“ALL THEY HAD TO DO WAS ASK”: Well, They Did, in the Form of a Subpoena You Ignored

After the former president of the United States ignored a subpoena, a few days ago the FBI obtained a warrant to search Trump’s Mar-a-Lago home for more classified documents and other materials he illegally removed from the White House at the end of his disastrous presidency. Predictably, all the right-wing talking heads, politicians, and their credulous followers are apoplectic, accusing the Justice Department and the FBI of having been “weaponized” against Trump and all his forces of good, and threatening biblical retribution on the Democratic forces of evil trying to shatter American democracy. As Adam Serwer of The Atlantic quotes various Republicans, they are all about law and order when Black Lives Matter protesters are in the streets or Democratic office-holders need investigating, but if law and order is applied to them, the FBI becomes “the gestapo.”
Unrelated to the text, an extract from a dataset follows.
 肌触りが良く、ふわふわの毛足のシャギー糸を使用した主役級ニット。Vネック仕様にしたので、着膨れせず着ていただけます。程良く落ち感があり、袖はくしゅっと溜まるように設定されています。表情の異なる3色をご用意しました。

It used to be that bald-faced hypocrisy was disqualifying for government service; now, along with undermining democracy, it is one of the two defining characteristics of the GOP, even at its highest levels: witness Trump continuously claiming the Fifth at his recent deposition in Manhattan, after years of deriding anyone claiming the Fifth as obviously guilty; or former and possible future House Speaker Kevin McCarthy blaming Trump for January 6th immediately after the insurrection but a mere eight days later groveling at Mar-a-Lago and kissing the ring of the former president; or former and possibly future Senate Majority Leader Mitch McConnell also angrily blaming Trump for the assault on the Capitol and the Constitution that day and not long after stating that he would “absolutely” vote for Trump if he is the 2024 nominee.
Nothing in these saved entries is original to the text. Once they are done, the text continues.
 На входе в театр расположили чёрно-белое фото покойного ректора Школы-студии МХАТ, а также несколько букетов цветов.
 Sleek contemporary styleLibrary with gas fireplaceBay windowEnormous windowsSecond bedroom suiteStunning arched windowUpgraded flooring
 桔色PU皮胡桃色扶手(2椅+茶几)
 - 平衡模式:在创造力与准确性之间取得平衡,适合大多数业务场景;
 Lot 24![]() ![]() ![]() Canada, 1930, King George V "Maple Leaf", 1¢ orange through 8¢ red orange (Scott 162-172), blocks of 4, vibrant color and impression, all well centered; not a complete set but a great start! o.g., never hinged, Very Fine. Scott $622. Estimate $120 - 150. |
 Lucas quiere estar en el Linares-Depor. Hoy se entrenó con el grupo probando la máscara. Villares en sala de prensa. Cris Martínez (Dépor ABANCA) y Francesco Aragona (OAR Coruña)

Or there’s the amazing gymnast cum contortionist Lindsey Graham, calling Trump (1) an “idiot” and “unfit for office” in 2016 (cited by Mark Leibovich in a brilliant takedown of Graham and McCarthy), then (2) squeezing himself back into the Dear Leader’s oozy embrace during Trump’s presidency, then (3) flipping again by declaiming to loud huzzahs on the senate floor the night of January 6th that “Today all I can say is count me out. Enough is enough,” and shortly after (4) flipping back to MAGA orthodoxy, having tested the wind yet again. In the wide, wide world of political gymnastics, Graham smiles in the warm glow of the spectators’ applause. He has just scored a perfect 10 on the (Senate) Floor Exercise event, performing what may be called a Lindsey Quadruple, or a Lindsey Quad as his friends might say. Apparently, in the Republican party of Trump, McCarthy, McConnell, and Graham, there is no longer any shame to be attached to hypocrisy—staying true to some moral standard, or even just to what you said last week, is a game for fools.
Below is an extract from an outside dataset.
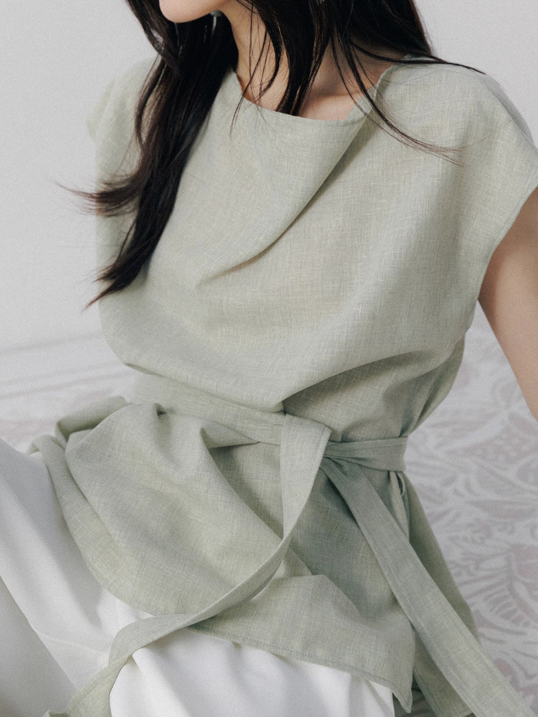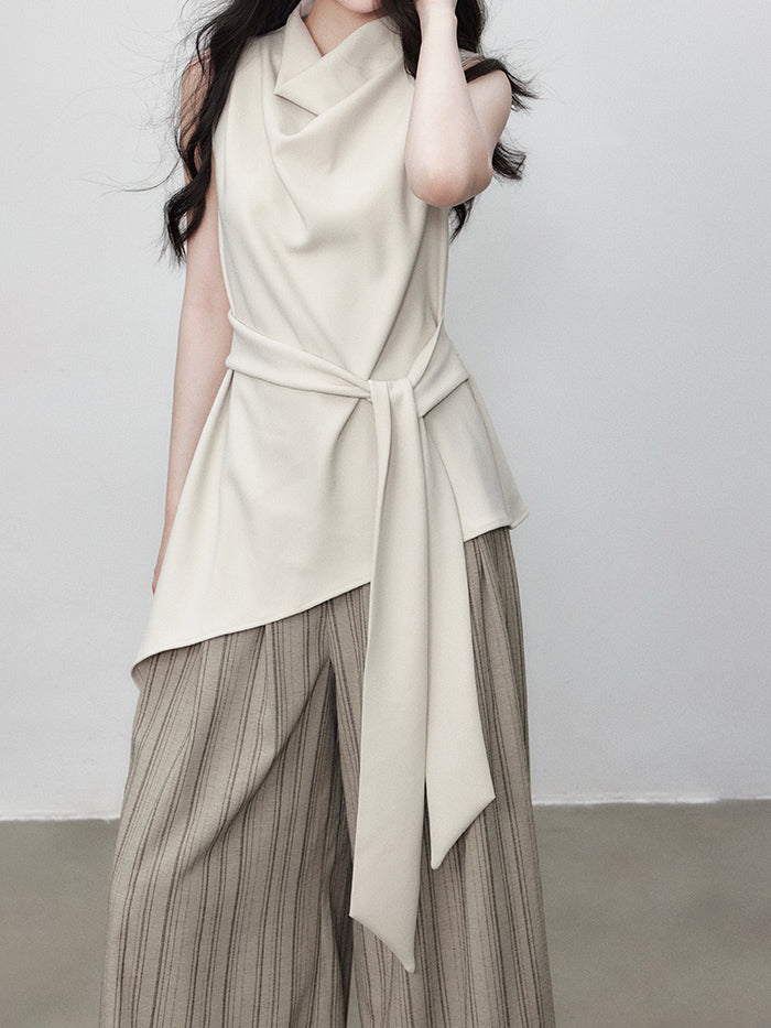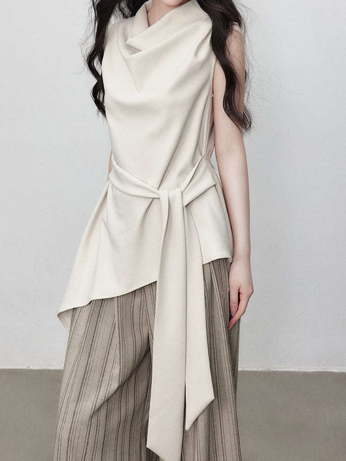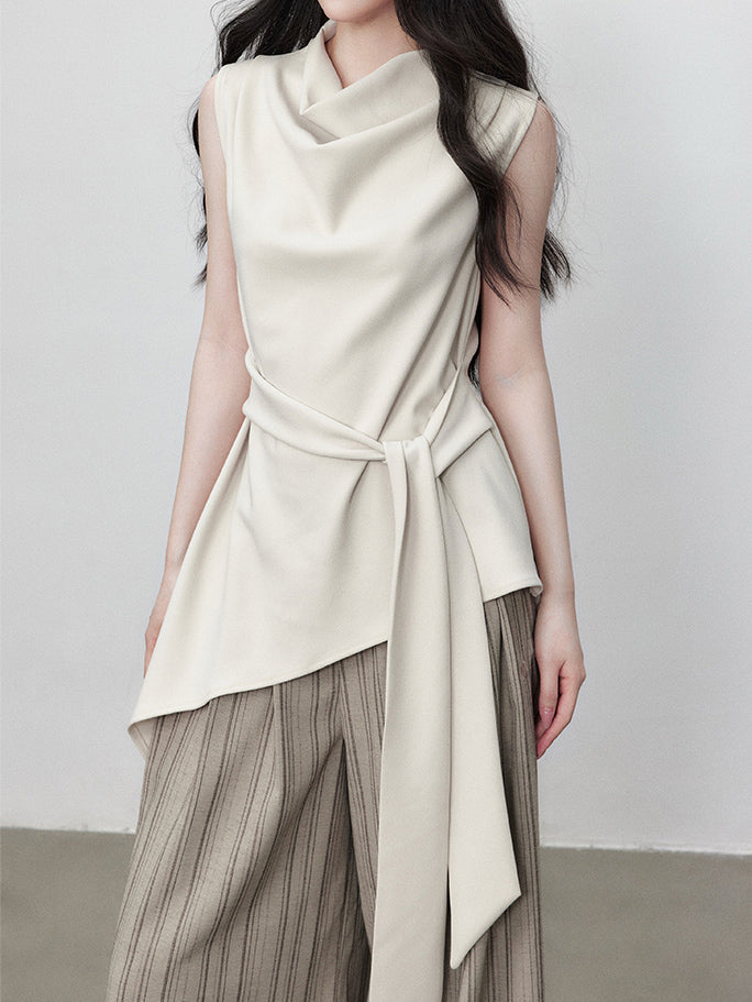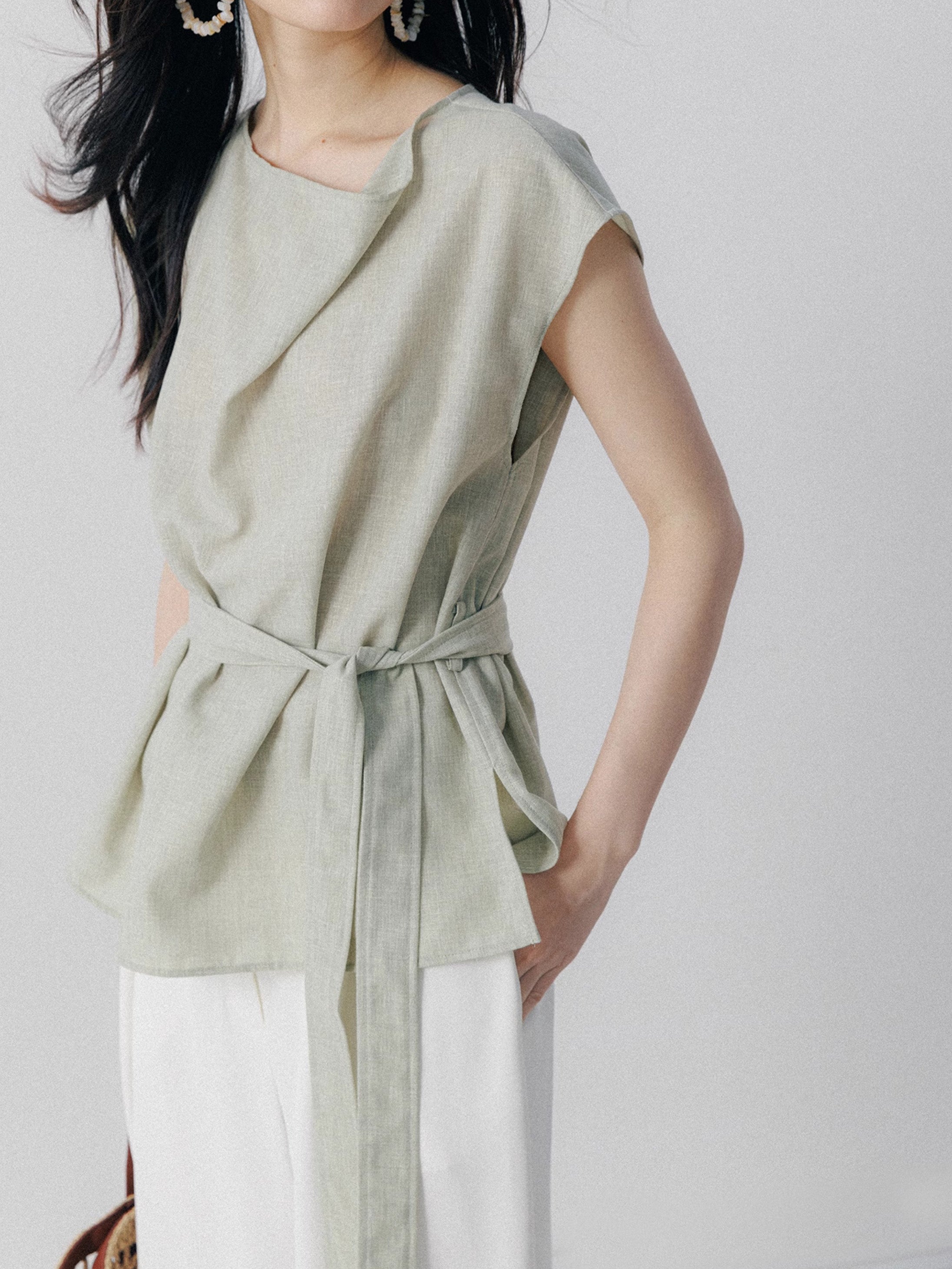 Asymmetrical Draped Belted Blouse (Can be coordinated)

Have I mentioned that the country is in decline, albeit, one can only hope, not a permanent and irreversible one? While hypocrisy and authoritarianism define Trump’s party, truth is now its official enemy. There are a few honest (and brave) elected conservative Republicans—Liz Cheney foremost among them—but the party is still Trump’s, and is likely to continue to be so for the foreseeable future. Truth, like the truth about the 2020 election for starters, is anathema to the Trumpanistas. If truth wins, they lose—and they know it. Some, like Greene, Gosar, Boebert, Jordan, and their ilk are so rabid, so intellectually impoverished, that one is tempted to think that they truly believe their idiocies. Jewish space-lasers changing Trump votes to Biden? Secretive Italian operators doing the same? Well, if nothing else, we have established beyond question that jaw-dropping ignorance, head-spinning fantasies, and totalitarian instincts are no bars to being elected to congress—or to the presidency.

During the era of the Vietnam War, there was a saying among conservatives: “My country, right or wrong” (the original 1872 quote from Carl Schurz was “My country, right or wrong; if right, to be kept right; if wrong, to be set right”). Now, that dubious half-quote is long gone. Now the unstated standard in the GOP is: My party, my clan, right or wrong—to hell with the country. And we can even see the next and final step: Me, my position, my power; all else—country, honor, courage, truth—is just the posturing I do to get elected and stay in office.